目論みどおり出現した《クヴァンク》はテスリム弾を迎撃するが、そのエネルギーが枯渇したところで《ラス・ツバイ》から突入部隊を転送。艦内で激戦がくりひろげられる中、グッキーがラン・メオタから得たテレプシマート能力で、アラス謹製の〈光遺伝子作用体〉をクヴ体内へ送り込み、行動を束縛する。クヴが“乗っ取られた”ことを察知した部下が裁判官を殺害、《クヴァンク》を破壊しようとするがこれは阻止された。クヴの死を受け入れた《クヴァンク》の艦載脳アンクは、アトランを次なる操縦士と認識し、裁判官船は《アトランク》へと生まれ変わる。
《クヴァンク》の用いた転送機通路を利用してバーグ星系へ移行した《アトランク》。
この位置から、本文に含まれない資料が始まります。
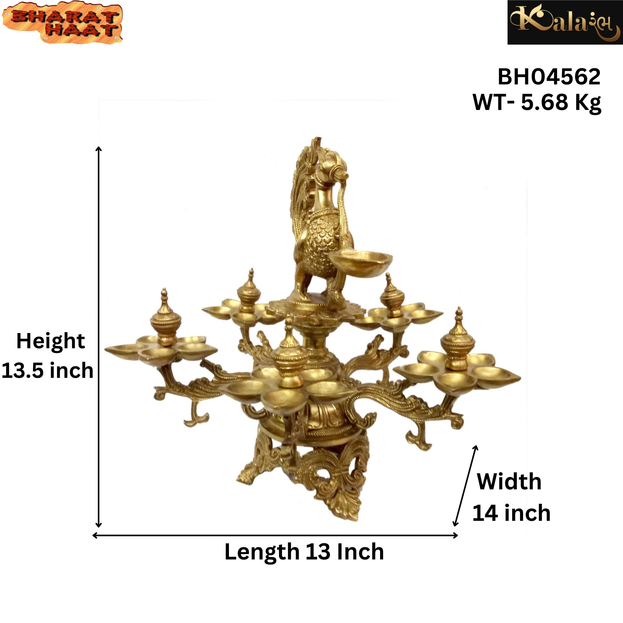 Measuring 13 x 14 x 13.5 Inch (33.02 x 35.56 x 34.29 cm) and weighing 5.68 Kg, this heavy brass lamp ensures durability and long-lasting shine. Perfect for lighting during puja rituals, Diwali, Navratri, or daily worship, it creates a divine aura when lit. The graceful peacock design adds charm, making it a centrepiece for living rooms, temples, or entrances.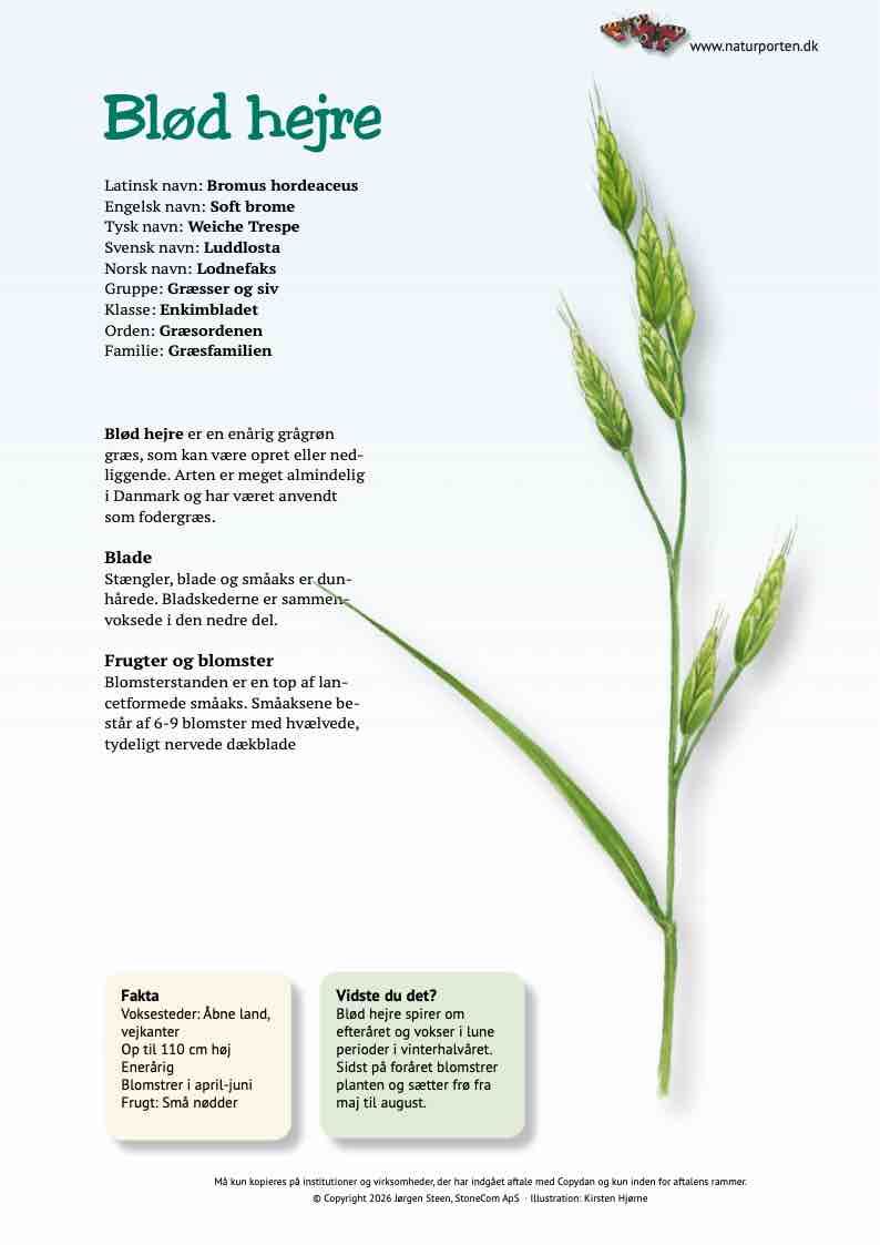 Blød hejre er en enårig grågrøn græs, som kan være opret eller nedliggende. Arten er meget almindelig i Danmark og har været anvendt som fodergræs.

そこはクヴが受け入れたナータ難民にまぎれた工作員たちによって混沌としていた。防衛側を率いるアッティラ・レッコルもそれを助長する。マタン・アダルの裁判官船《233-コルプコル》が駆けつけるが、アトプ導体の制御衛星ルナからのネーサンの援護もあり、艦内マイクロ宇宙に《ラス・ツバイ》とアヴェストリィ・パシクの《ラルハトーン》を収容した《アトランク》は間一髪、アトプ導体から共時性通路へと突入する。超越者〈テズ〉の座す、〈時の彼方の国々〉をめざして。